流石に、俺でも解る位に動揺されたら逆に恥ずかしいんだが。
「安心して大丈夫だぞ。俺はエリス以外の女性は興味ないからな。」
「えっ!?本当に?」
「いや!!嘘言ってどうするんだよ。」
俺がそう言うと顔を真っ赤にしてこちらに顔を向けるエリス。
お互い、見つめ合いながら時間が経過する。
徐々に近づいていく距離。
エリスは目を瞑り頬を赤らめ身を任せてくれるみたいだ。
「エリスさん、お部屋に居ますか?」
不意に隣のエリスの部屋の前でルーシアさんの声が聞こえる。
俺達は身体を強張らせて先程の雰囲気から意識が引き戻される。
「え~~と・・・・。」
「ルーシアさんに呼ばれちゃったね。ちょっと行ってくるね。」
そそくさと、俺から離れて部屋を出て行こうとするエリス。
その時、不意に振り返る。
「さっきの言葉信じてるからね。
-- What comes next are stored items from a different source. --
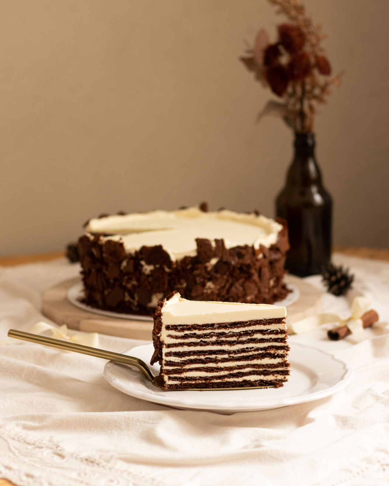 3. Спартак — нежный десерт, который тоже состоит из медового теста, но с добавлением какао. Тоненькие коржи хорошо пропитываются масляным или заварным кремом, поэтому торт получается очень нежным.
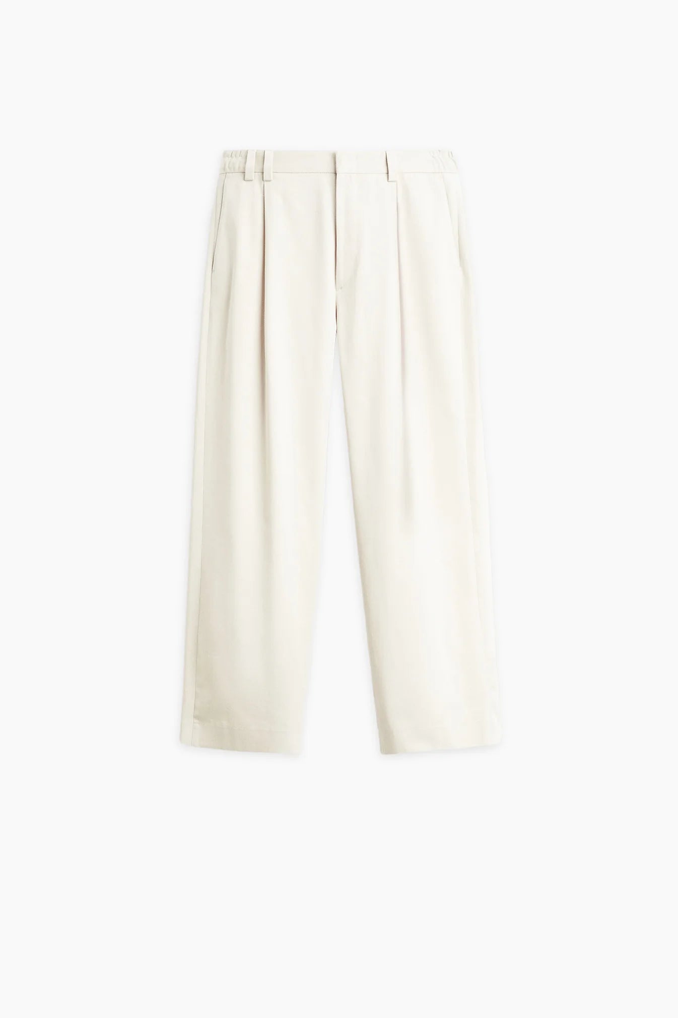 These beige pleated trousers, crafted from a wool and polyester blend, offer a relaxed fit with side elastic and belt loops for added comfort. Featuring front pleats and practical pockets, they seamlessly transition from formal to casual wear.
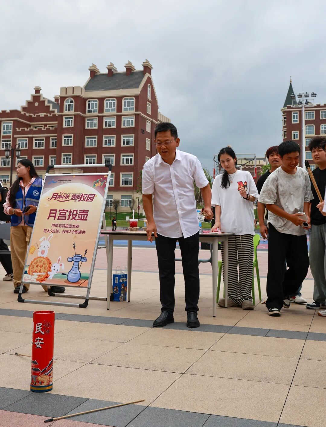 月宫投壶、玉兔套圈、仙人吹气、海底捞月、猜灯谜、古风变装、心语月愿七大趣味项目依次排开,每个摊位前都围满了跃跃欲试的学子,欢声笑语此起彼伏,成为校园里最亮眼的风景线。
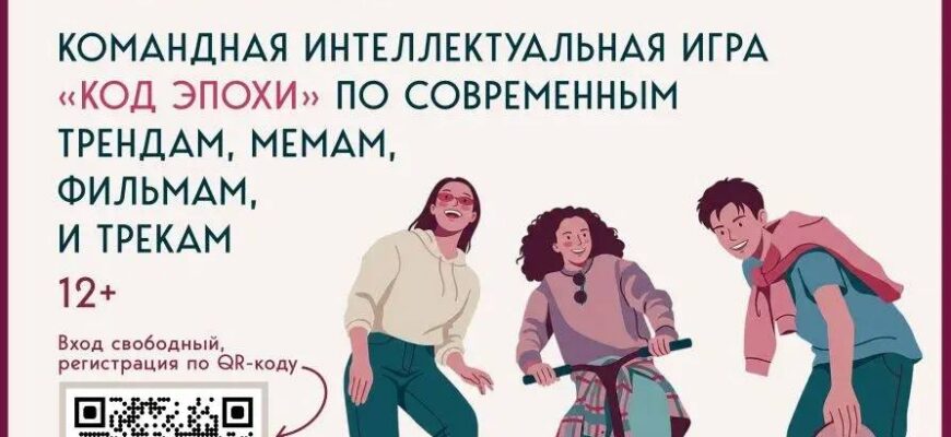 Приглашаем вас зарядиться адреналином интеллектуальной битвы и весело провести вечер с друзьями! Что? Команда знатоков объединяется, чтобы пройти испытание под названием «Код эпохи» – современные мемы, популярные фильмы, топовые треки и свежие интернет-тренды ждут своих героев!
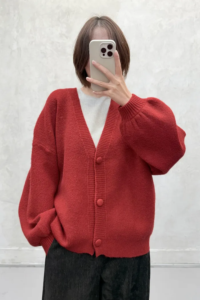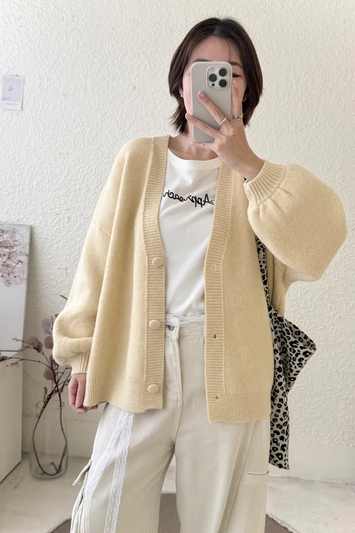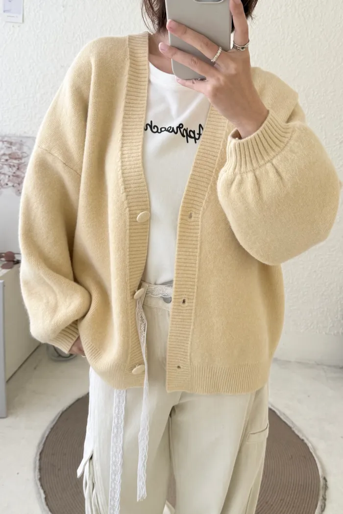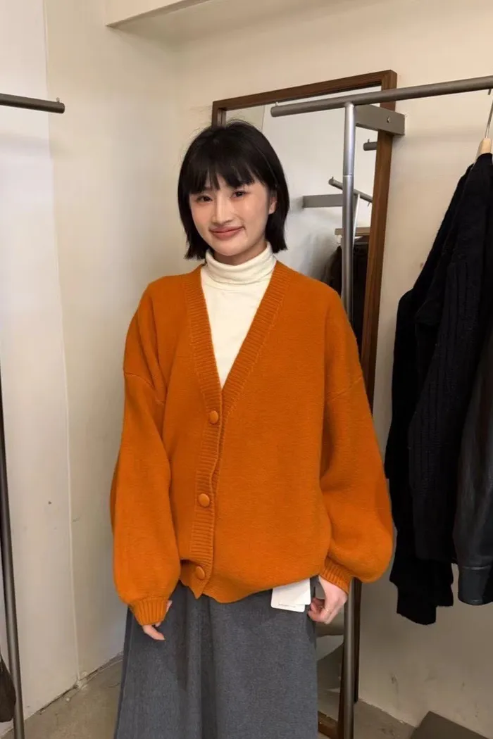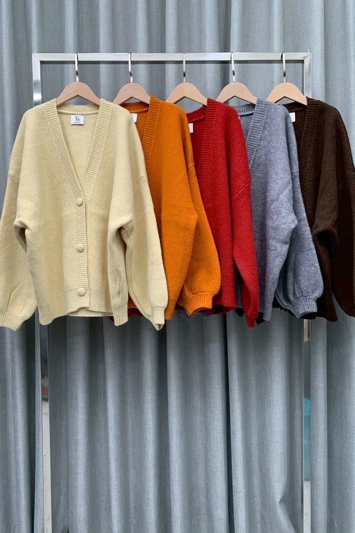 【現貨】#3811 包布釦厚磅毛衣外套-黃/橘/灰
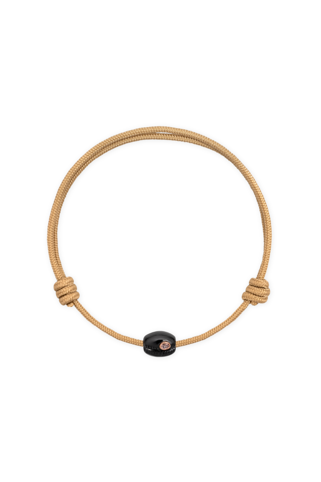 Surf cord anklet accented with a blue tiger eye cowry bead, featuring an oval garnet set in 18K Rose Gold for a subtle hit of warmth and shine.
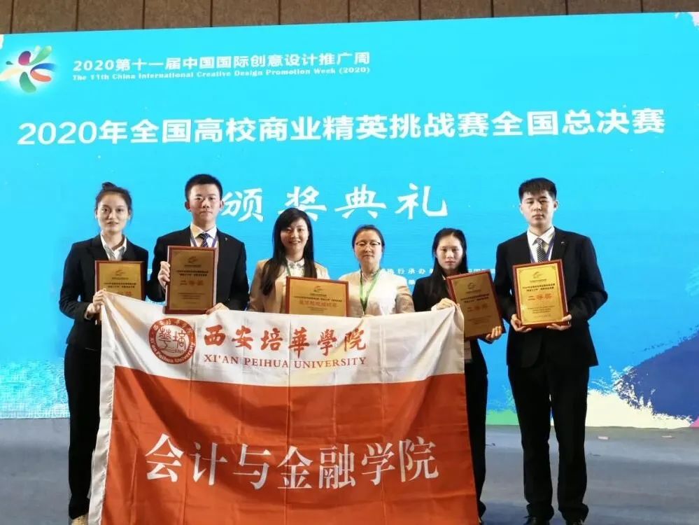 我院学子在全国高校商业精英挑战赛“颜值立方杯”创新创业竞赛中荣获全国一等奖三项、二等奖两项,西安培华学院会计与金融学院荣获最佳院校组织奖。
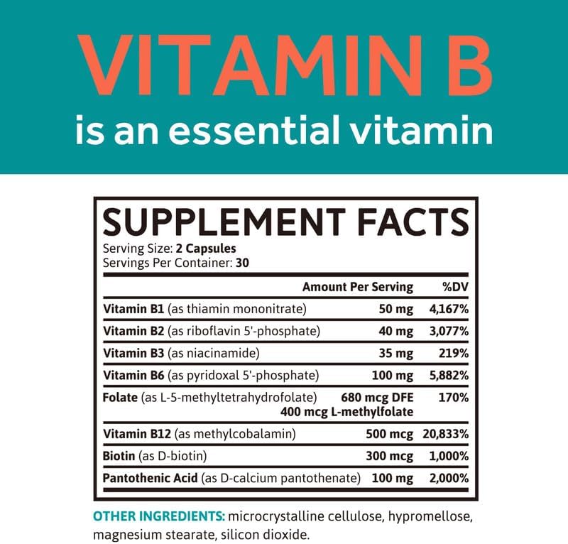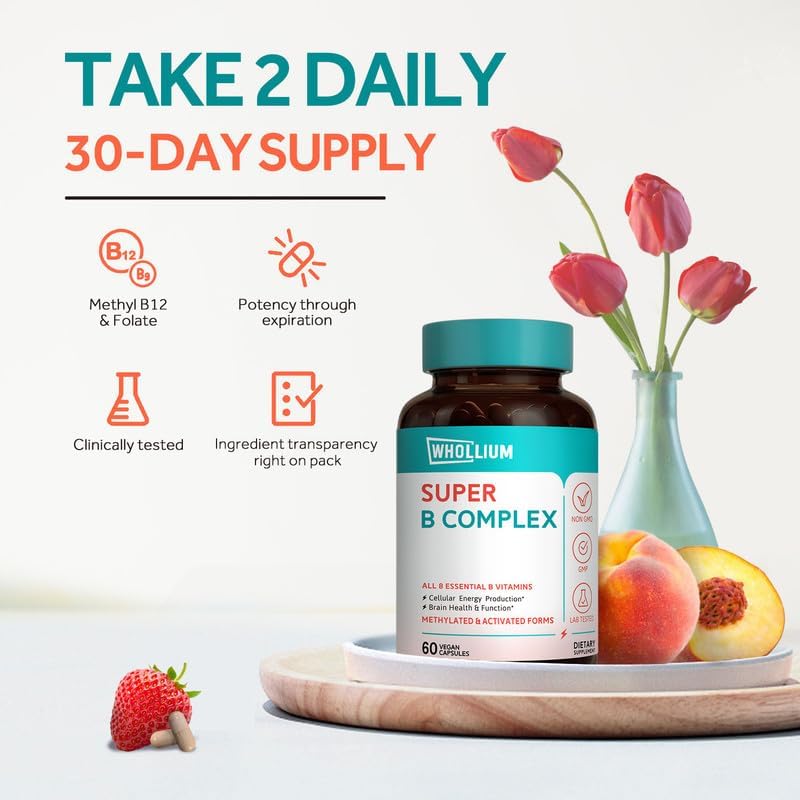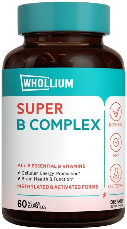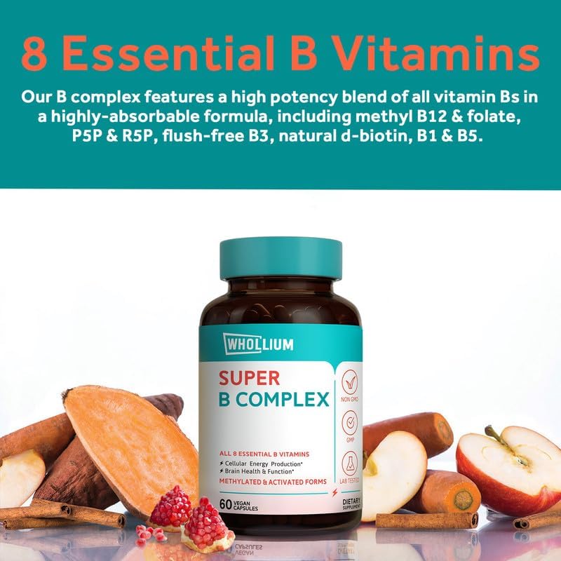 B vitamins are water-soluble and not stored in your body, so they must be replenished regularly. Whollium Vitamin B Complex features a high potency blend of all eight essential B vitamins in a highly absorbable formula, including methylated folate & B12, phosphorylated P5P & R5P, flush-free niacinamide, naturally occurring d-biotin, B1 & B5. Just 2 vegan easy-to-swallow caps per day can support your daily replenishment, boost energy production, and promote brain health & function.*

」
満面の笑顔で俺の言葉を信じると言うエリス。
直ぐに、ドアに手をかけ廊下に出ていく。
「ルーシアさん、こっちです。どうしましたか?」
「あら、クライスさんの部屋に居たんですか?あっ、もしかしてお邪魔でしたか?」
「も~~、何言ってるんですか?それでどうしましたか?」
「ええ、ちょっとエリスさんに手伝って欲しい事がありまして。」
次第に廊下から遠ざかる二人の声。
その声を聞きながらベッドに身体を投げ捨てる。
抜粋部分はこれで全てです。